A key to a successful cartilage transplant is getting a graft of a comparable size. Figueroa’s knee was measured and then they would wait until a matching graft became available. For patients who are an average size, a match might be available in a week.

Stannard warned Figueroa that because of her petite size of 5’2,” her wait could be as long as six months. Four days later, Stannard called Figueroa. A match was available.

Stannard performed the surgery in May 2012 at the Missouri Orthopaedic Institute. Figueroa was discharged from the hospital a week later. Maria stayed with her daughter the first two weeks after the surgery.

“The whole process of recovery was challenging,” Loren Figueroa said. “After a while, I could walk again but nothing else. I was so used to being physical. My whole life was lifting weights, going to class, training for competition and doing homework. Now I couldn’t do any exercise except walk for nine months.”

Back to the boards

Loren Figueroa
Figueroa redshirted her sophomore year, sitting out the 2012-2013 season but retaining her eligibility.

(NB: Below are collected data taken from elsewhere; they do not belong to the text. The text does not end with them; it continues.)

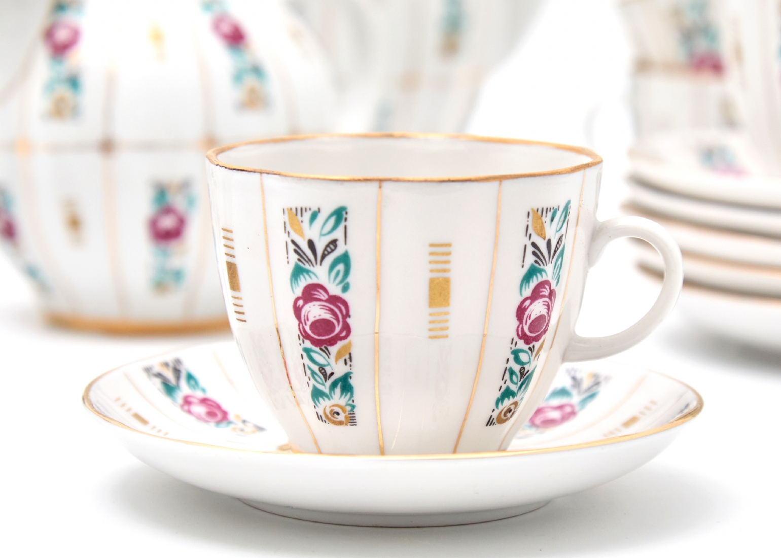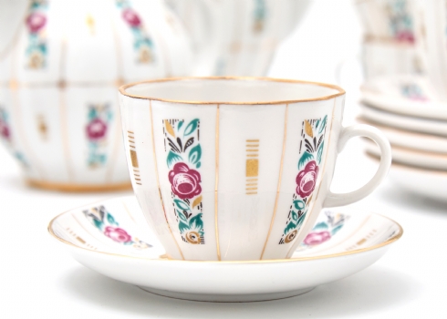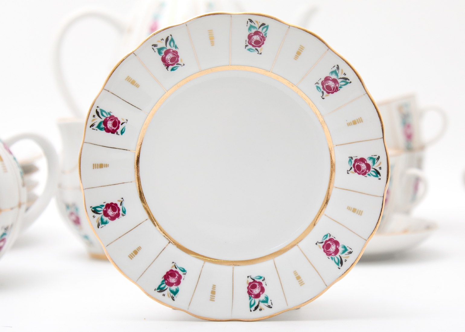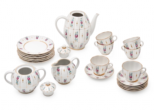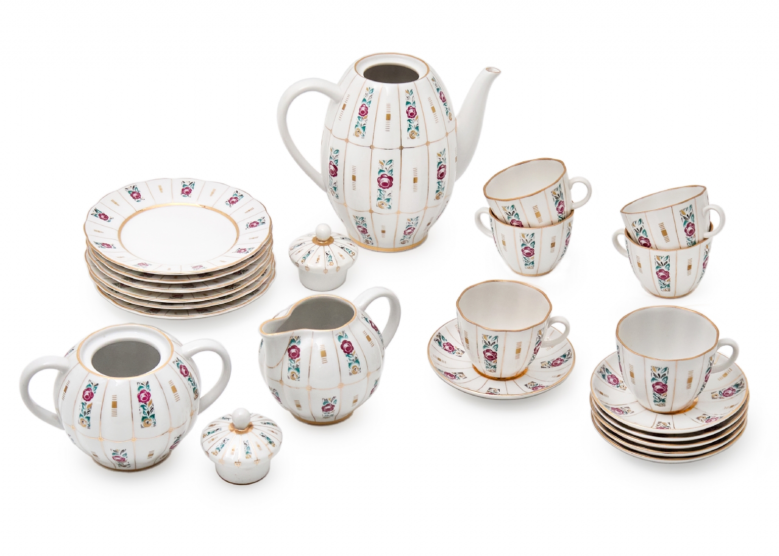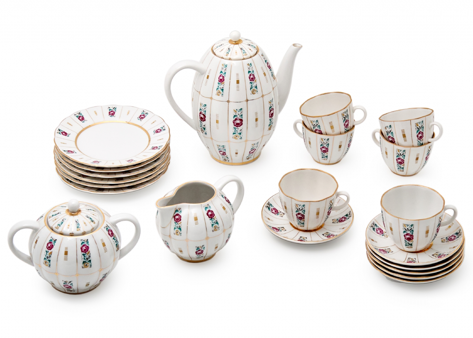 הסט כולל: 6 צלחות : 15 ס"מ6 מלחות 11.5 ס"מקנקן תה בגובה: 19 ס"מכלי סוכר: 15 ס"מכלי חלב: 8 ס"מ6 כוסות: 6 ס"מ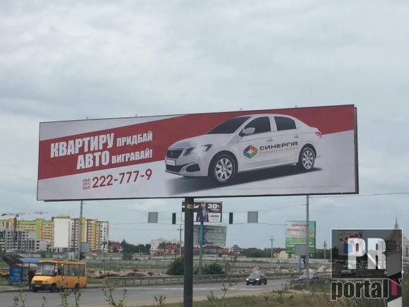 Рекламщики будівельної компанії "Синергія" в пошуках креативу дійшли до плагіату. Нова рекламна кампанія виконана у стилі виборчії кампанії Петра Порошенка. Правда, замість слогану "жити по-новому" по діагоналі написано: "Квартиру придбай, авто вигравай!"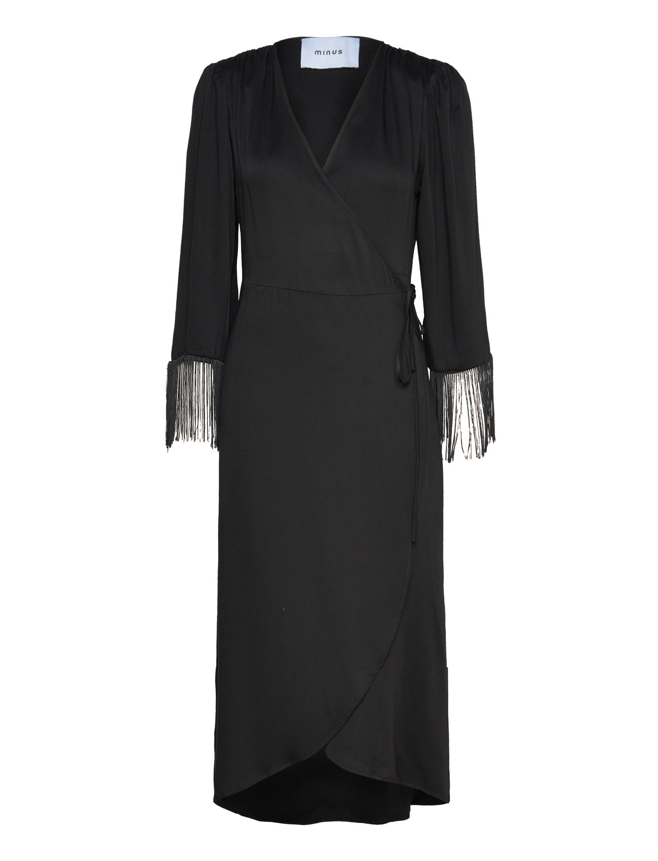 Msjassie Solid Fringe Sleeve Dress Black Minus

“We had just joined the SEC when I hurt my knee,” Figueroa said. “Everyone thought I would quit.”

In her first meet back in 2013, Figueroa broke Mizzou’s record in the 3-meter dive. She won her first 10 meets in the 1-meter dive and entered the NCAA championships undefeated. She earned the SEC Female Diver of the Week honors a league-high three times during the season. Again, she earned All-American first team honors. She ranks second all-time at Mizzou in the 1-meter dive and holds the school’s 3-meter record.

In April 2015, at the end of her senior year, Figueroa retired from diving. While it was bittersweet, she knew that one day her college diving career would end.

“If it weren’t for Dr. Stannard and the cartilage donor, there’s no way I would have been able to return and finish my diving career,” Figueroa said. “It’s amazing that I was able to come back after such a bad injury. I am really grateful.”